2. Market Mechanism of Perpetual Contracts
Key mechanisms traders need to understand when trading perpetual contracts include:
- Position Marking: Perpetual swap contracts use a fair price marking method. The mark price determines unrealized P&L and liquidation prices.
- Initial Margin: Determines the leverage you can use for opening positions.
- Maintenance Margin: The minimum margin required to maintain positions.
- Funding Fees: Paid every 8 hours between buyers and sellers. If the rate is positive, longs pay shorts; if negative, shorts pay longs.
*Traders need to pay or receive funding fees only if they hold positions at the funding timestamp. The current market funding rate can be seen in the [Funding Rate] indicator column.
3. Funding Fees
Funding timestamps: 00:00 (UTC+8), 08:00 (UTC+8), 16:00 (UTC+8)
Your position value is independent of your leverage. For example, holding 100 BTCUSDT contracts will incur funding fees based on the nominal value of these contracts, not the margin allocated.

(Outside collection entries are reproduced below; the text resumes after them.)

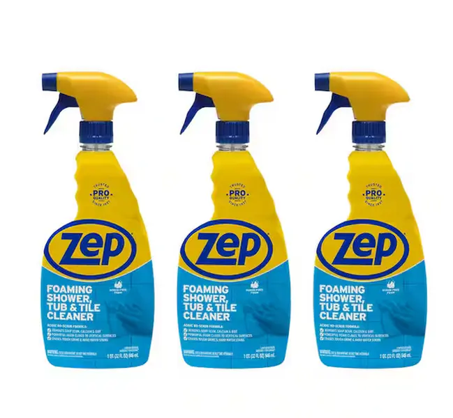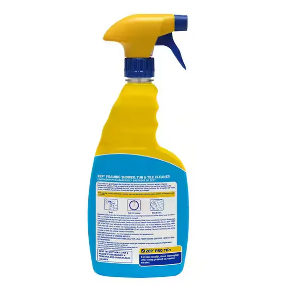 5. ZEP 32 oz. Power Foam Tub and Tile Cleaner, No-Scrub Bathroom Cleaner, Soap Scum Remover, Hard Water Stain Cleaner, Foaming Tile Cleaner, Limescale Remover, Acidic Foam Cleaner, Morning Rain Scent.
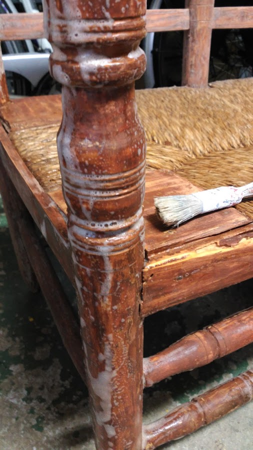 Una vez quitadas las capas de esmalte, le di como cinco capas de tratamiento fungicida a todo el banco(que lo absorbió como una esponja).
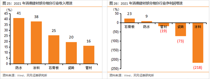 2.1. 消费建材:石膏板、防水成绩最佳,看好22年盈利能力边际改善
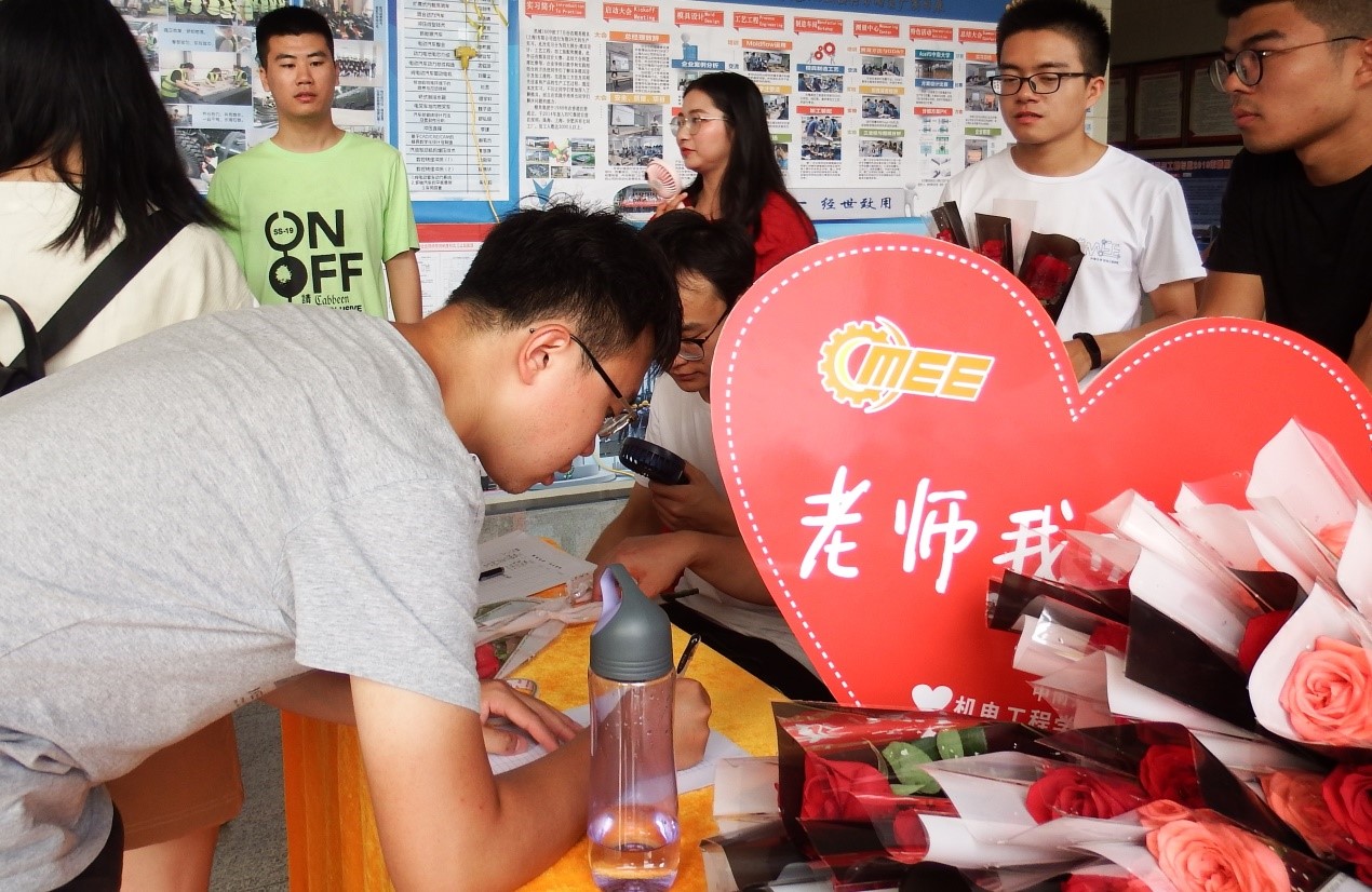 9月10日一大早,机电楼A座一楼大厅摆满了馥郁芬芳的玫瑰花,“机电院学子祝全体老师教师节快乐”的标语横幅悬挂在大厅中央,现场洋溢着欢乐的节日氛围。上午7时始,机电院老师和学生们陆陆续续地来到了活动现场,学生们纷纷在签名薄上写下对老师的真切祝福,领取鲜花送给老师,以鲜花寄托感恩之情,向老师表达敬爱。

The relationship between Venkate perpetual contracts and funding fees:
- Venkate does not charge any funding fees; these are exchanged between users. When the funding rate is positive, longs pay shorts; when negative, shorts pay longs.
4. Fees
Venkate fees for regular users are as follows:
- Maker fee: 0.04%
- Taker fee: 0.06%
*If the contract fee is negative, the corresponding fee will be refunded.
5. Key Terms Explained
- Wallet Balance: Transfer in - Transfer out + Realized P&L
- Realized P&L: Total closed P&L + Total fees + Total funding fees
- Total Equity: Wallet balance + Unrealized P&L
- Position Margin: Funds collateralizing positions, including margin for all isolated positions; in Venkate it includes only the margin for isolated positions.
- Order Margin: Frozen funds for all active orders.
- Available: Wallet balance - Isolated position margin - Frozen order margin
- Net Asset Balance: Funds available for transfers and new positions.
- Unrealized P&L: Sum of all floating P&L.